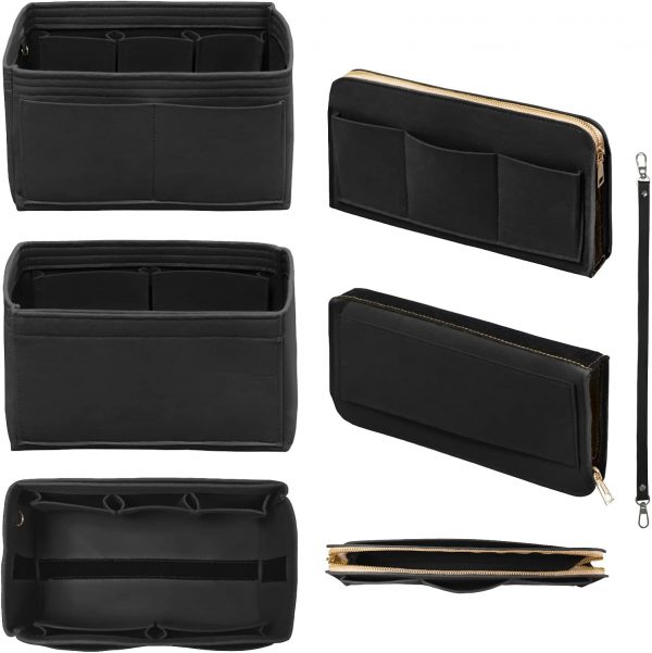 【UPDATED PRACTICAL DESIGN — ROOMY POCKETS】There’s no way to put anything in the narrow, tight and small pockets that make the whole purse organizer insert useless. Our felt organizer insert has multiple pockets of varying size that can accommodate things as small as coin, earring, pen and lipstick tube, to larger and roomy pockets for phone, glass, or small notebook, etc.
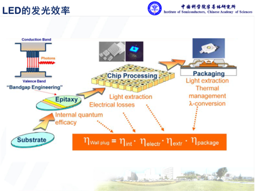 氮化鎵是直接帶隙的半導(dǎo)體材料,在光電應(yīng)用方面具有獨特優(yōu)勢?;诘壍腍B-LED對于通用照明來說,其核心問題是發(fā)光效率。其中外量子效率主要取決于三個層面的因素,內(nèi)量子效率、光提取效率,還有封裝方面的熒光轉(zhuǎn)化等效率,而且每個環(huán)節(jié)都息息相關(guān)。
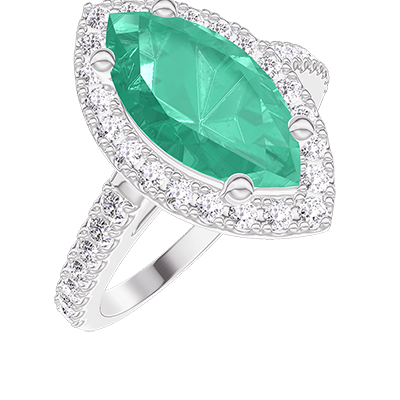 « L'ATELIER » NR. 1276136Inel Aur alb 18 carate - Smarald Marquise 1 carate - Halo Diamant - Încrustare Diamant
....
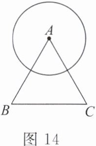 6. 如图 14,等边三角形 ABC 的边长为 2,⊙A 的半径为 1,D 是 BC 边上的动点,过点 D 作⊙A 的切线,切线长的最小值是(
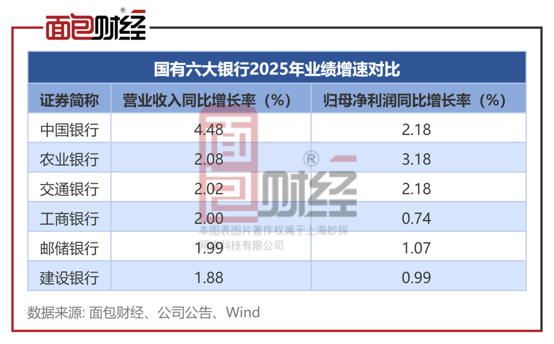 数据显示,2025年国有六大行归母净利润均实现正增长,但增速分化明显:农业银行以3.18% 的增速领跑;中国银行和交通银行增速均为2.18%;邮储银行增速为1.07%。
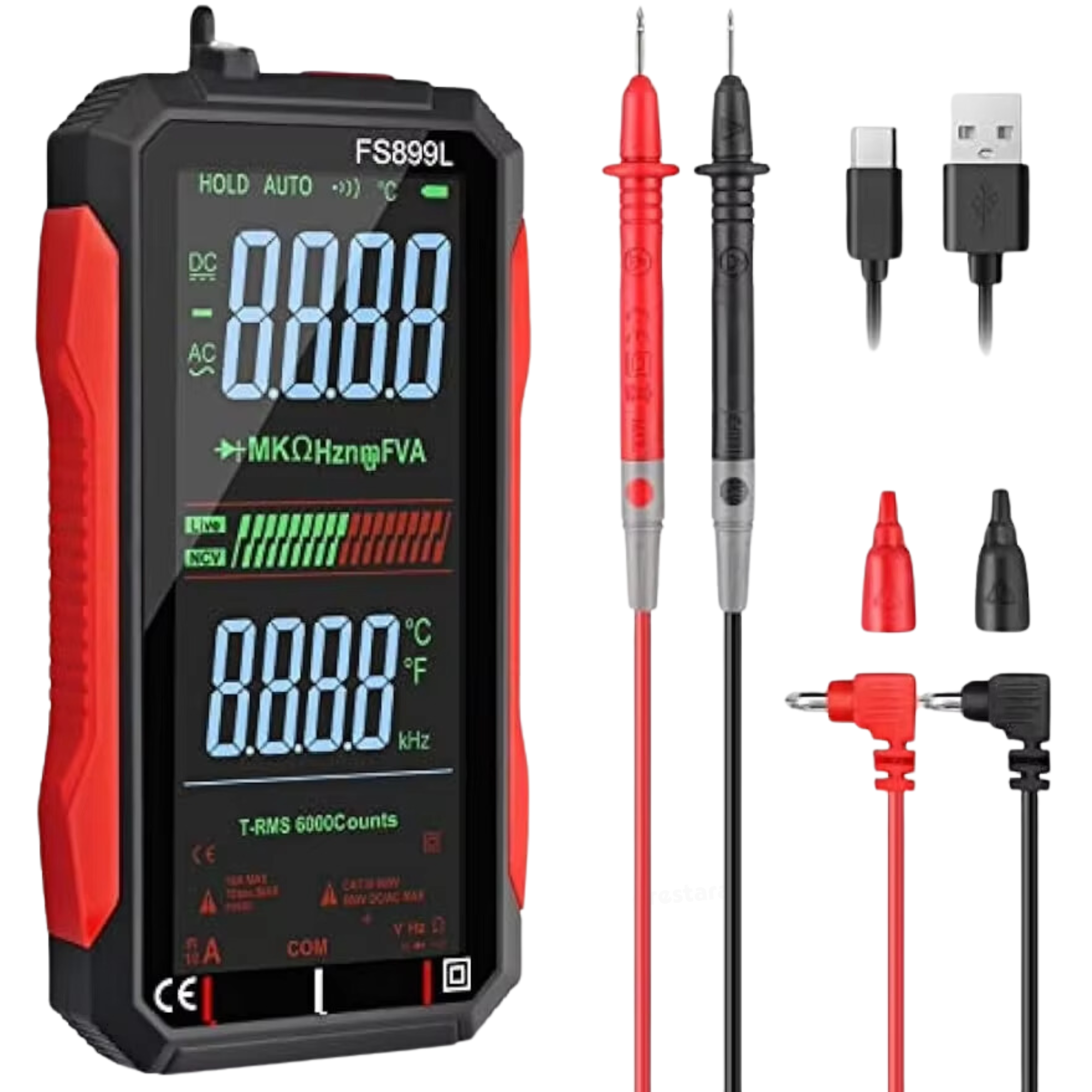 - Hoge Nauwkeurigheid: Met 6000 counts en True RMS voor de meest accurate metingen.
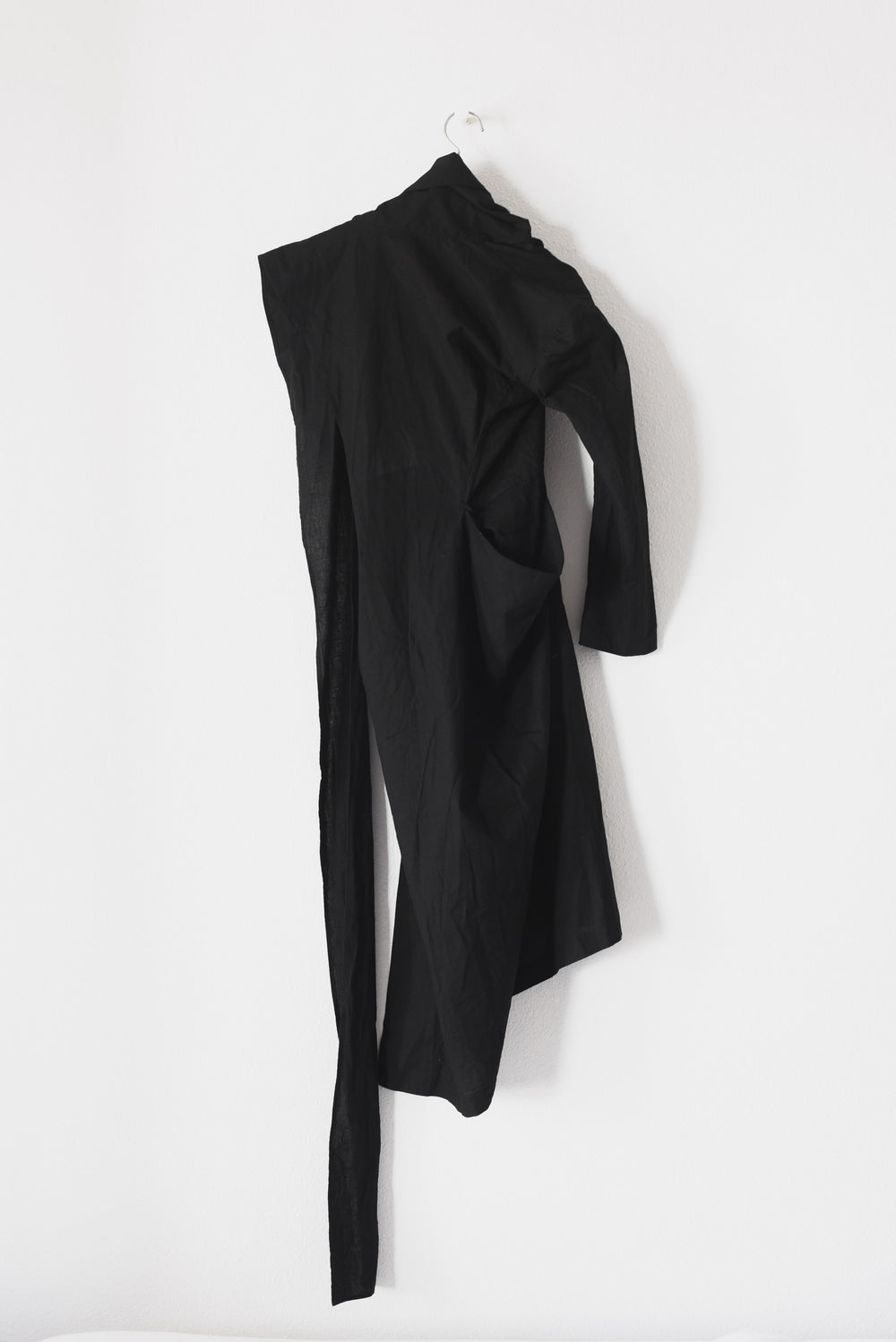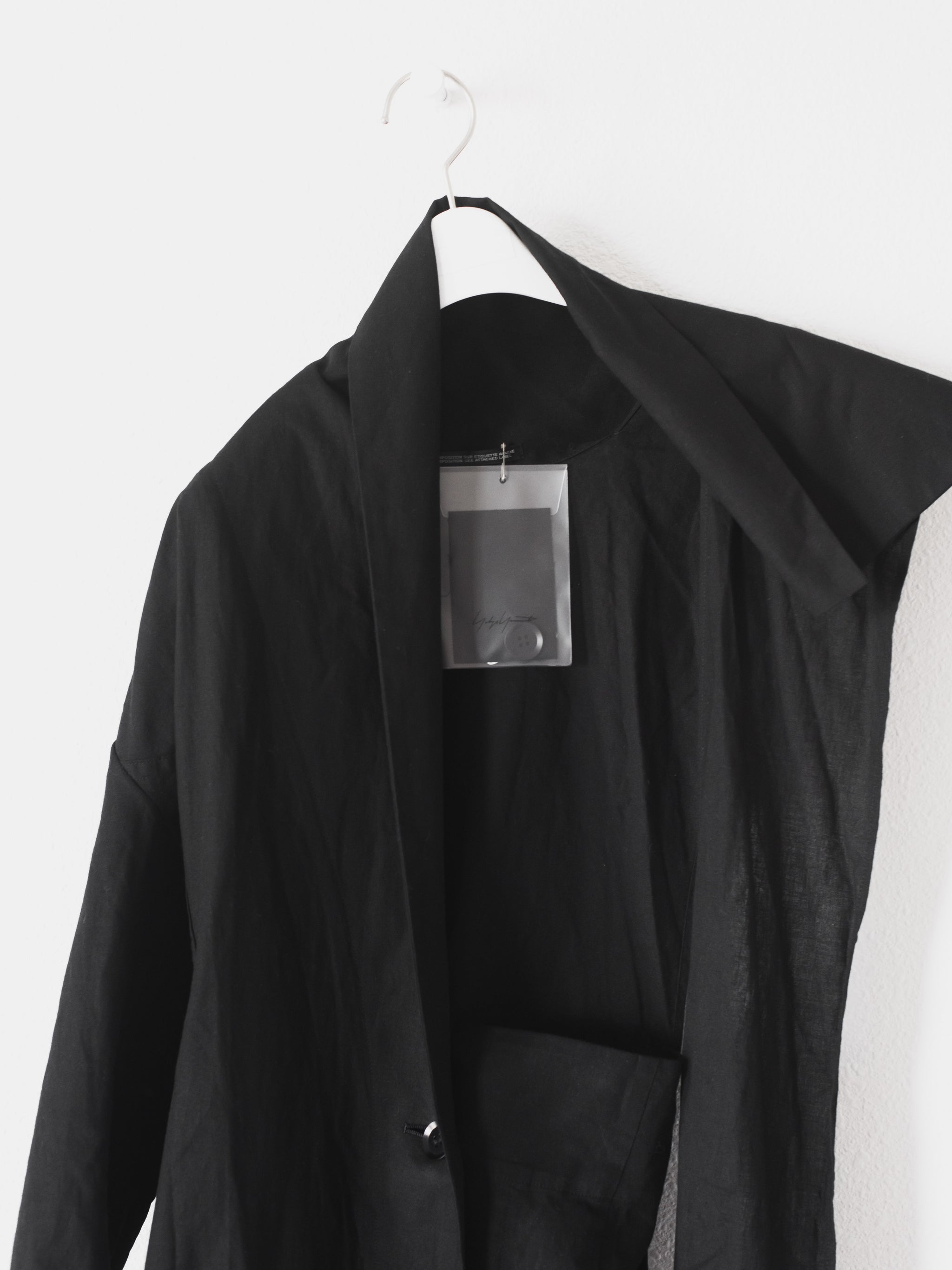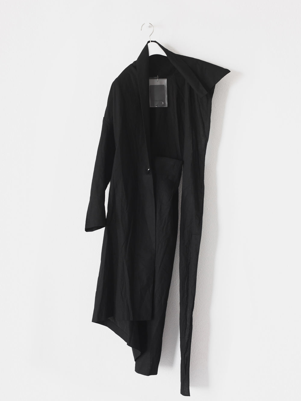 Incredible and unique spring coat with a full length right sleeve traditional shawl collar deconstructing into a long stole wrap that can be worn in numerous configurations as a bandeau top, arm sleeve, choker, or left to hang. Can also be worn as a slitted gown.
....
● **Directions**:
Starting at the line above with "数据显示,2025年国有六大", output every line exactly up to and including the line with "Incredible and unique", but none of the pictures.

● **Response area**:
 数据显示,2025年国有六大行归母净利润均实现正增长,但增速分化明显:农业银行以3.18% 的增速领跑;中国银行和交通银行增速均为2.18%;邮储银行增速为1.07%。
 - Hoge Nauwkeurigheid: Met 6000 counts en True RMS voor de meest accurate metingen.
 Incredible and unique spring coat with a full length right sleeve traditional shawl collar deconstructing into a long stole wrap that can be worn in numerous configurations as a bandeau top, arm sleeve, choker, or left to hang. Can also be worn as a slitted gown.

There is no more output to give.